GAITHERSBURG, MD. — A Food and Drug Administration advisory committee said modafinil is not safe for treating ADHD in children and adolescents by a 12–1 vote, although committee members unanimously agreed the drug was effective for that indication.
At a meeting of the FDA's Psychopharmacologic Drugs Advisory Committee, the panel members were mainly concerned about modafinil's potential to cause Stevens-Johnson syndrome (SJS). The severe rash, which is often due to a hypersensitivity reaction to a drug, can be fatal in up to 5% of cases, according to Dr. Michael E. Bigby of the dermatology department at Harvard Medical School, Boston, and consultant to the panel.
Among 933 children and adolescents exposed to the drug during trials, there were 12 cases that could have been definite erythema multiforme (EM) or SJS, early prodromal EM or SJS, or suggestive of prodromal EM or SJS—a rate of 1.29%, said Dr. Glenn B. Mannheim, a medical reviewer in the FDA's division of psychiatry products.
The panel's discussion focused on one case that seemed most likely to be SJS—indicating a 1 in 1,000 risk. But they were not certain that was the true risk.
Dr. Bigby and Dr. Mannheim said more cases could occur once modafinil (Provigil) is more widely used—even though there have been no reports of SJS in the 36,000 children who were prescribed the drug off-label in 2002–2005.
Given the trial data and the assumption that modafinil could capture 10% of the market for children under age 19 (based on other stimulants' sales), there could be 500–3,250 cases of EM or SJS, and 25–488 deaths, said Dr. Mannheim.
The dichotomy between the postmarketing experience and the trial data prompted the FDA to seek its advisers' input, said Dr. Robert J. Temple, director of the FDA's office of medical policy.
The FDA usually follows the advice of its panels.

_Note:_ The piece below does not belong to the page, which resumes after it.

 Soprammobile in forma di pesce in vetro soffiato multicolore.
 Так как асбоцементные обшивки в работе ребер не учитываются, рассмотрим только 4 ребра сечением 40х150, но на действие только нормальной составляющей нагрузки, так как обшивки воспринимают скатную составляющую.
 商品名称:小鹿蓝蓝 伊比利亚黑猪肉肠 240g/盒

The FDA has received six reports of serious skin reactions in adults, said Dr. Mannheim.
“I'd like to see an opportunity for the company to come back with additional data. That will give us additional assurance that this case was a fluke,” said panel chair Dr. Wayne K. Goodman, chair of the department of psychiatry at the University of Florida, Gainesville.

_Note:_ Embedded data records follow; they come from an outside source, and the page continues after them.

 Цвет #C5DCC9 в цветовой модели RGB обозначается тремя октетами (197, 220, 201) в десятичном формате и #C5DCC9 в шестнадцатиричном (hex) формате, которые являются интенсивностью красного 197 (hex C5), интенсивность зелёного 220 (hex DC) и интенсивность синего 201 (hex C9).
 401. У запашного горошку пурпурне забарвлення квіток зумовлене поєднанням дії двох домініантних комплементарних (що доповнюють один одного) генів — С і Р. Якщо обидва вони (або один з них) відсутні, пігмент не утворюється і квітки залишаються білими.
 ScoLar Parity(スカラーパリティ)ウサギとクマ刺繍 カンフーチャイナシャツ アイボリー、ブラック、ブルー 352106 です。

The committee said modafinil's manufacturer, Cephalon Inc., should conduct a 3,000-patient, open-label study to further clarify the risk of SJS.
After the meeting, Dr. Thomas Laughren, director of the FDA's division of psychiatry products, told reporters that if a case turns up in such a study, “then they have a problem.”
It was not clear why children had higher rates of skin-related adverse events than adults, but Dr. Mannheim noted that lab tests indicated that they had a 7–16 times higher area under the curve ratio of modafinil sulfone, a metabolite. The levels could not be explained by higher milligram-per-kilogram dosing, he said.
In two of the three phase III studies, children were given a flexible dose with weekly titration (170 mg, 255 mg, 340 mg, or 425 mg). In the third study they were given a fixed dose, with those under 30 kg receiving 340 mg daily, and those over 30 kg receiving 425 mg daily.
The primary outcome was the total score on the school ADHD rating scale. In all three trials, children taking modafinil had a more significant drop in scores than those taking placebo. The total score for modafinil recipients—just over 20—was close to the normative score for a 10-year-old male, according to a Cephalon statement.
Panelists did not dispute the drug's efficacy, although many said it would not be a first-line choice.
Lesley Russell, Cephalon's senior vice president of worldwide clinical research, said modafinil offers clinicians an alternative, especially when children don't respond to other marketed drugs.
But Dr. Temple said that even though it's plausible that modafinil might work in nonresponsive children, the company had not proved that.
“The mere fact that people given a second drug respond after failing to respond to the first tells you nothing at all,” he said.
According to a company statement, modafinil may be less addictive and less apt to be diverted because it does not offer a “high” to recreational users. Jeffrey L. Vaught, executive vice president of research and development at Cephalon, said the drug is not water soluble and is not stable at high heat, which makes it difficult to crush for injection or smoking. Studies have shown that modafinil does not activate reward centers in the brain, and that it does not cause release of dopamine in vitro or in vivo.